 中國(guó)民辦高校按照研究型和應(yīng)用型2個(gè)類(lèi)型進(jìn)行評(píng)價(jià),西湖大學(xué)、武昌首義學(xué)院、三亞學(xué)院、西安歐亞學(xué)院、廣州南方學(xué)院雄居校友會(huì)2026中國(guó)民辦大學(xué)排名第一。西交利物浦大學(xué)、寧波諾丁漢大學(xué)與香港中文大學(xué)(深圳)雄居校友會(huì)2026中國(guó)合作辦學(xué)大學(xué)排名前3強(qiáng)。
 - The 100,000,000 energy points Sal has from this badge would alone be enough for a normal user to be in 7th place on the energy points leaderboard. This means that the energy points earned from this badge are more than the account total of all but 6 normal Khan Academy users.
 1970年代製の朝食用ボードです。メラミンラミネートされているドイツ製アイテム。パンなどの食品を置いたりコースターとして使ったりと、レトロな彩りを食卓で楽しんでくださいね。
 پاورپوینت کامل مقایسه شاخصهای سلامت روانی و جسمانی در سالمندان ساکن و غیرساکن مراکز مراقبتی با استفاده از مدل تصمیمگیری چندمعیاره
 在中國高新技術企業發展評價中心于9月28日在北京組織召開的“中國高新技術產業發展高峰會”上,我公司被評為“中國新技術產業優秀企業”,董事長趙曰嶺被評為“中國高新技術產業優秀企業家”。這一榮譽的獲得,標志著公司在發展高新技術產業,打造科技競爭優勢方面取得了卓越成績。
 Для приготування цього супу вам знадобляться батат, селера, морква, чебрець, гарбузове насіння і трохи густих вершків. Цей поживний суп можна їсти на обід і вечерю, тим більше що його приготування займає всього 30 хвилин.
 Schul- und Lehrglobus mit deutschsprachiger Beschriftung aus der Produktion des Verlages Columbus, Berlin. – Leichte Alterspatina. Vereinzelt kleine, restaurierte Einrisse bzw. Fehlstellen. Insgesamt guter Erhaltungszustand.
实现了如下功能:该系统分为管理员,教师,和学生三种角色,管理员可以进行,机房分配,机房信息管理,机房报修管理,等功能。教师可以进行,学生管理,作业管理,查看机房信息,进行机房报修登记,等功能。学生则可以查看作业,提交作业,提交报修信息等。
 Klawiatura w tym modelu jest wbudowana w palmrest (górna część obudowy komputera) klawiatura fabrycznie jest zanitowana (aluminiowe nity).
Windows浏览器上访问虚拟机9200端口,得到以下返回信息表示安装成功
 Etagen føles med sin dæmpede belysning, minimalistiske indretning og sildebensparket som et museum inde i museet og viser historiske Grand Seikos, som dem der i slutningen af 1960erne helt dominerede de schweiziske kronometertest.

****

#### [PROBLEM]
Would you copy each line of the data exactly as it appears above?

#### [YOUR RESPONSE]
 中國(guó)民辦高校按照研究型和應(yīng)用型2個(gè)類(lèi)型進(jìn)行評(píng)價(jià),西湖大學(xué)、武昌首義學(xué)院、三亞學(xué)院、西安歐亞學(xué)院、廣州南方學(xué)院雄居校友會(huì)2026中國(guó)民辦大學(xué)排名第一。西交利物浦大學(xué)、寧波諾丁漢大學(xué)與香港中文大學(xué)(深圳)雄居校友會(huì)2026中國(guó)合作辦學(xué)大學(xué)排名前3強(qiáng)。
 - The 100,000,000 energy points Sal has from this badge would alone be enough for a normal user to be in 7th place on the energy points leaderboard. This means that the energy points earned from this badge are more than the account total of all but 6 normal Khan Academy users.
 1970年代製の朝食用ボードです。メラミンラミネートされているドイツ製アイテム。パンなどの食品を置いたりコースターとして使ったりと、レトロな彩りを食卓で楽しんでくださいね。
 پاورپوینت کامل مقایسه شاخصهای سلامت روانی و جسمانی در سالمندان ساکن و غیرساکن مراکز مراقبتی با استفاده از مدل تصمیمگیری چندمعیاره
 在中國高新技術企業發展評價中心于9月28日在北京組織召開的“中國高新技術產業發展高峰會”上,我公司被評為“中國新技術產業優秀企業”,董事長趙曰嶺被評為“中國高新技術產業優秀企業家”。這一榮譽的獲得,標志著公司在發展高新技術產業,打造科技競爭優勢方面取得了卓越成績。
 Для приготування цього супу вам знадобляться батат, селера, морква, чебрець, гарбузове насіння і трохи густих вершків. Цей поживний суп можна їсти на обід і вечерю, тим більше що його приготування займає всього 30 хвилин.
 Schul- und Lehrglobus mit deutschsprachiger Beschriftung aus der Produktion des Verlages Columbus, Berlin. – Leichte Alterspatina. Vereinzelt kleine, restaurierte Einrisse bzw. Fehlstellen. Insgesamt guter Erhaltungszustand.
实现了如下功能:该系统分为管理员,教师,和学生三种角色,管理员可以进行,机房分配,机房信息管理,机房报修管理,等功能。教师可以进行,学生管理,作业管理,查看机房信息,进行机房报修登记,等功能。学生则可以查看作业,提交作业,提交报修信息等。
 Klawiatura w tym modelu jest wbudowana w palmrest (górna część obudowy komputera) klawiatura fabrycznie jest zanitowana (aluminiowe nity).
Windows浏览器上访问虚拟机9200端口,得到以下返回信息表示安装成功
 Etagen føles med sin dæmpede belysning, minimalistiske indretning og sildebensparket som et museum inde i museet og viser historiske Grand Seikos, som dem der i slutningen af 1960erne helt dominerede de schweiziske kronometertest.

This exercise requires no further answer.